Daniele Silvia/ Il Corriere di Rivoli

“Un regista ha a disposizione un mezzo d’informazione potente. E potendo sfruttare questa possibilità, devo darvi un contributo di comunicazione e mostrarvi la realtà della vita. Questo che state per vedere non è un bel film”.
Con queste parole ha esordito la settimana scorsa al liceo Marie Curie di Grugliasco il regista torinese Daniele Segre. Da vent’anni è uno dei maggiori registi indipendenti del nostro paese, sempre attento a registrare la realtà sociale-lavorativa dell’Italia e i suoi problemi.
Ha affrontato nella sua lunga filmografia temi diversi, dal tifo di stadio, alla droga, alla vecchiaia, realizzando mediometraggi e film “di battaglia”, come per esempio “Dinamite” girato interamente in una miniera di carbone della Sardegna. Al Marie Curie, nell’ambito di un’iniziativa chiamata “Emergenza Ecstasy”, Segre ha proiettato “Sei minuti all’alba”, girato nel 1996 in Emilia Romagna, film-documentario che affronta con occhio curioso e indagatore la drammatica situazione delle stragi del sabato sera. Erano presenti tre classi del liceo, la terza H, la quarta B e la quarta F che hanno guardato con interesse la proiezione, essendo già stati coinvolti da qualche tempo nel progetto. Il film, passato anche in Rai, conta su svariate testimonianze di ragazzi emiliani, abituali frequentatori di discoteche della riviera, che raccontano con sincerità alla telecamera le loro esperienze.
L’accento viene posto soprattutto sull’uso di alcolici e di stupefacenti, sulle diverse tipologie delle discoteche, sul ruolo del gruppo nell’immaginario giovanile, sulle statistiche fornite da medici e funzionari di polizia sull’entità degli incidenti, sul rapporto genitori-figli, sulla paura di essere esclusi dei giovani intervistati.
Alla fine della proiezione gli studenti, con l’aiuto di una psicologa, la dottoressa Agnesone, si sono confrontati tra loro, dibattendo su un argomento conosciuto, e hanno ascoltato le parole di Daniele Segre, che ha spiegato le sue intenzioni e le sue convinzioni riguardanti la realizzazione del film. “Non è un film contro le discoteche – ha spiegato Segre – ma è un territorio in cui ci si può incontrare per discutere”. Il dibattito ha affrontato il tema del limite, limite che il giovane si permette di sfidare e superare andando più forte in macchina.
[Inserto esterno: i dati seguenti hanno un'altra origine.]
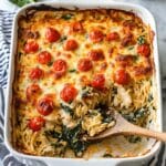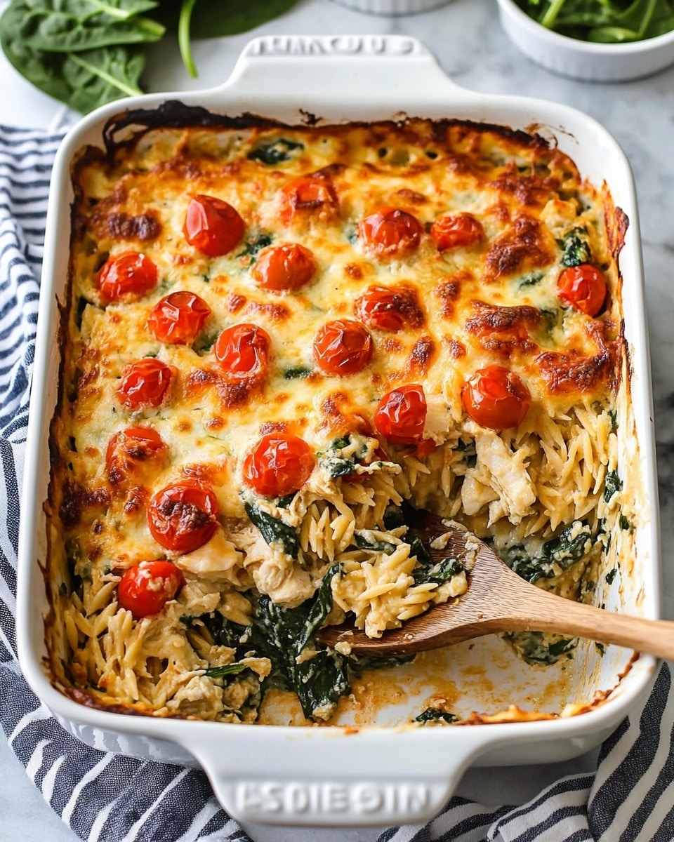 This Greek Chicken Orzo Bake is a comforting and delicious one-pan meal featuring tender chicken, creamy orzo pasta, fresh spinach, and juicy tomatoes, all baked together with mozzarella and parmesan cheeses for a hearty Mediterranean-inspired dish.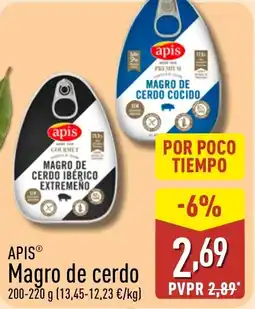 2ALDI APIS Magro de cerdo ofertaAPIS Magro de cerdo 200-220 gALDI2,89 €2,69 €-6%16 febrero 202622 febrero 2026 Mirar oferta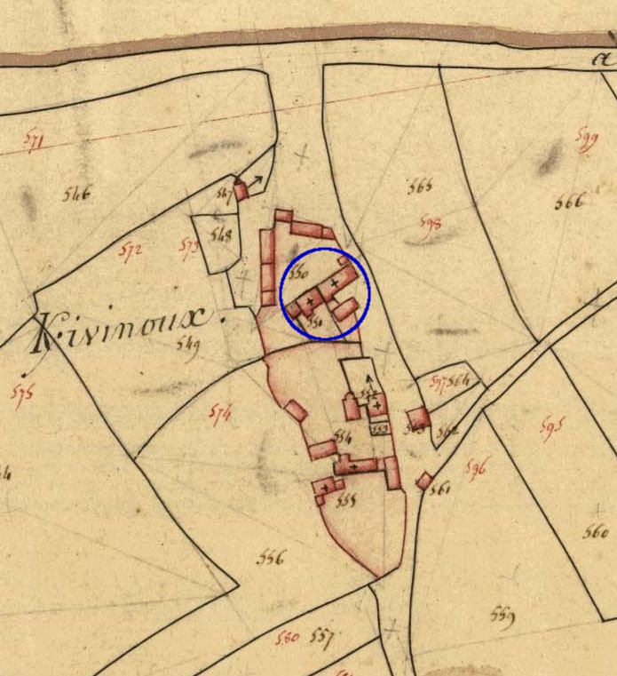 Emplacement de la ferme de Kervinou en 1824. Extrait du cadastre ancien de 1824 (A.D. 29, série 3P 2/19. Section E2)Immatriculation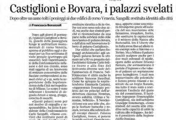 “Con il restauro dei Palazzi Castiglioni e Bovara vengono restituiti alla città due gioielli architettonici che fanno parte della storia e dell’attualità di Milano – ha affermato Sangalli - E sono attuali perché rappresentano bene il valore dell'arte e della cultura che si trasmette nel tempo grazie alla presenza della nostra realtà associativa imprenditoriale, e per questo diventano monumenti vivi che guardano al futuro”.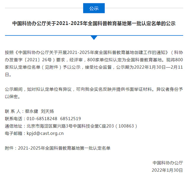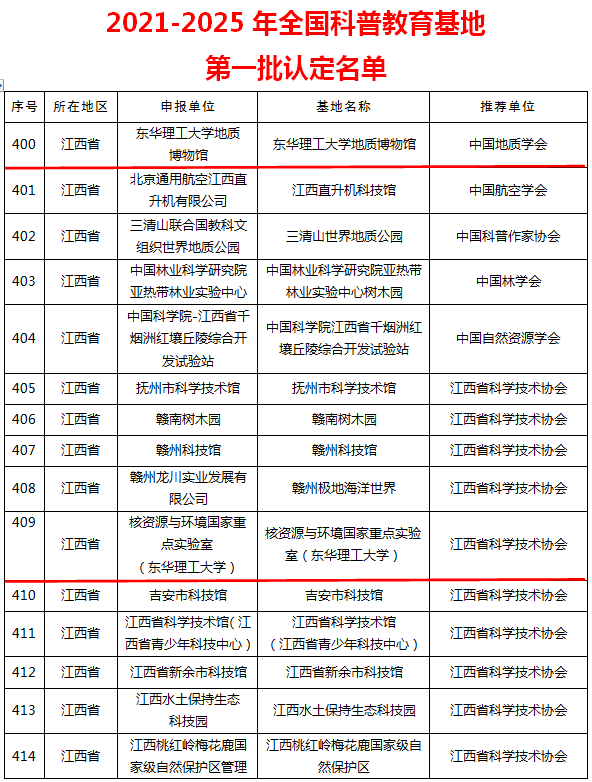 2月7日,中国科协办公厅公示“2021-2025年全国科普教育基地第一批认定名单”,华体会体育官方网站地质博物馆、核资源与环境国家重点实验室(华体会体育官方网站)成功入选。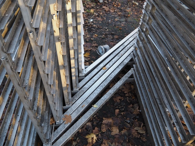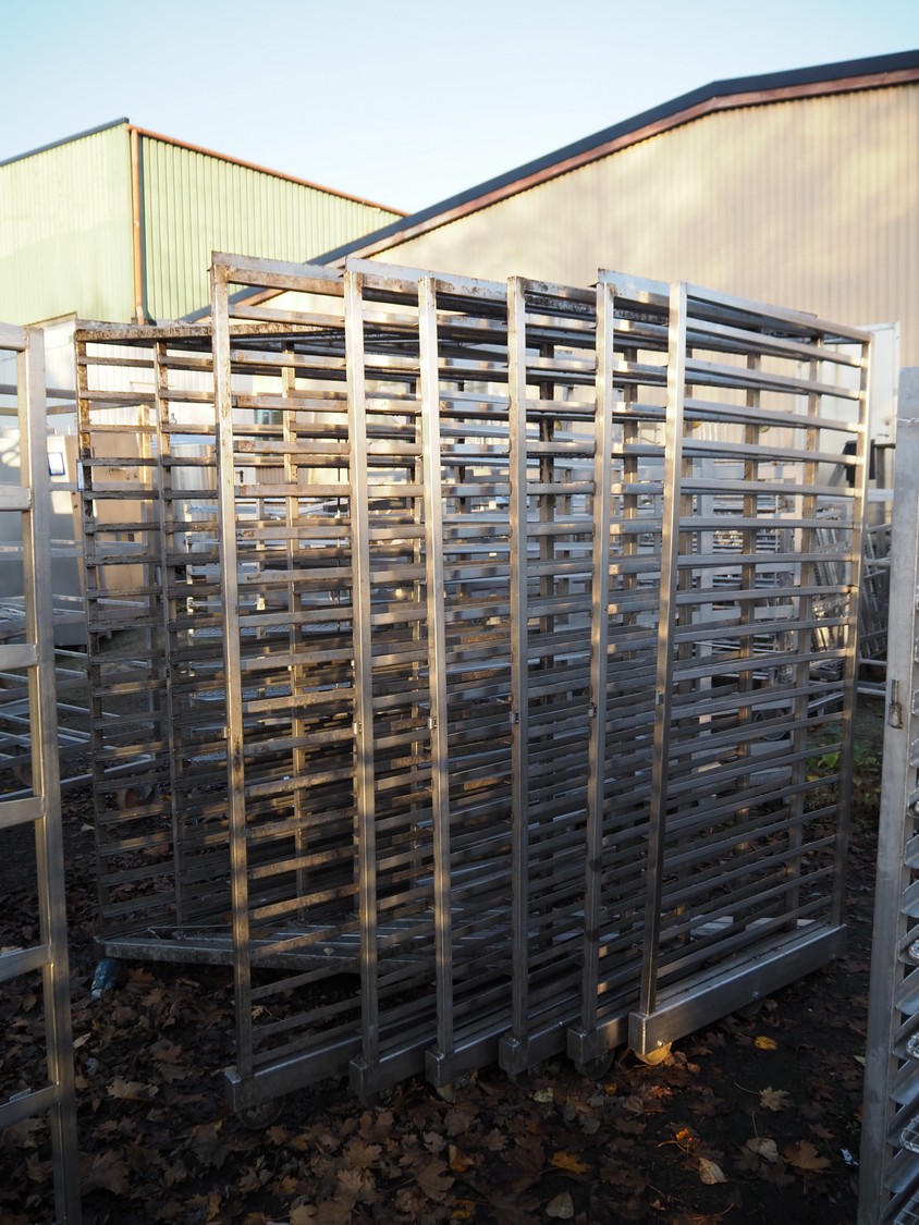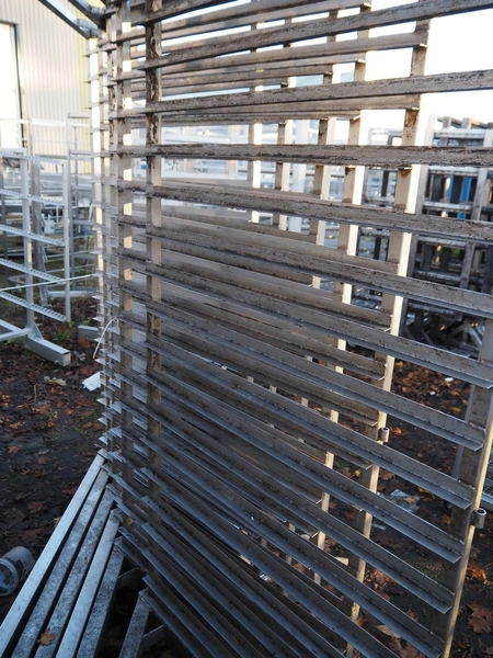 6 s/s Z-shaped smoke trolleys, 20 floors each, dimensions: (6x) 1010 mm x 1000 mm x 1950 mm.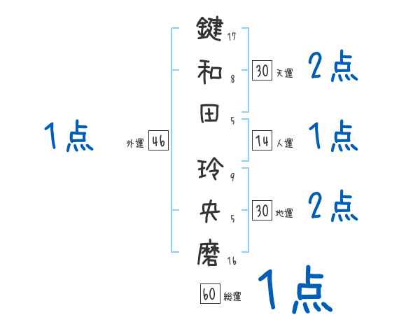総運![]() | 鍵和田玲央磨さんの総運は60画の1つ星!悲観的で迷いやすい。波乱が多く損をしないように。 あなたの人生を表す1番重要な運勢です。生涯を通じて影響する総合運となり、主に50歳以降の晩年期に影響を及ぼします。 |

“Ma come facciamo a sapere quali sono i nostri limiti se non proviamo a superarli?” ha domandato un alunno. “Questo concetto di sfida è irritante – ha ribadito Segre – perché guidare calato e ubriaco a centottanta all’ora è una sfida immatura, che non ti permette di crescere”. Ciò che conta dunque è il senso di responsabilità e l’autostima, che permette di pensare con la propria testa, anche quando ci si trova in mezzo a un gruppo che spinge al conformismo. I ragazzi del film si sono dimostrati molto sicuri e ben consci del rischio che corrono ogni sabato sera, così come gli allievi del Curie sono stati pronti a condannare i comportamenti irresponsabili. “Non c’è bisogno di calare per andare in discoteca” ammette un ragazzo, e la psicologa ricorda il ruolo della musica, che è creata apposta per essere ascoltata sotto l’effetto di droghe. Così, i ragazzi hanno spiegato che il numero di gente che si ubriaca dipende dalla serata e dal luogo, nessuno di loro però racconta esperienze personali, forse frenati dall’ambiente scolastico. Daniele Segre ha concluso l’incontro raccontando la sua carriera cinematografica e illustrando le concezioni principali del suo cinema :”Fare il regista è un lavoro privilegiato ma faticoso, soprattutto se decidi di occuparti di problemi sociali. Il cinema deve essere usato per riflettere sulla realtà, come abbiamo fatto noi oggi”. Ha illustrato infine il lavoro fatto sul montaggio, particolare, che unisce toccanti primi piani dei ragazzi intervistati a scene reali di incidenti.
“Questo montaggio – dice – obbliga lo spettatore a entrare nella storia e a pensare al problema che gli è raccontato. Nel film un giovane si può riconoscere ed immedesimare anche solamente per un secondo, ed è questo che fa scattare la molla giusta, che fa pensare”.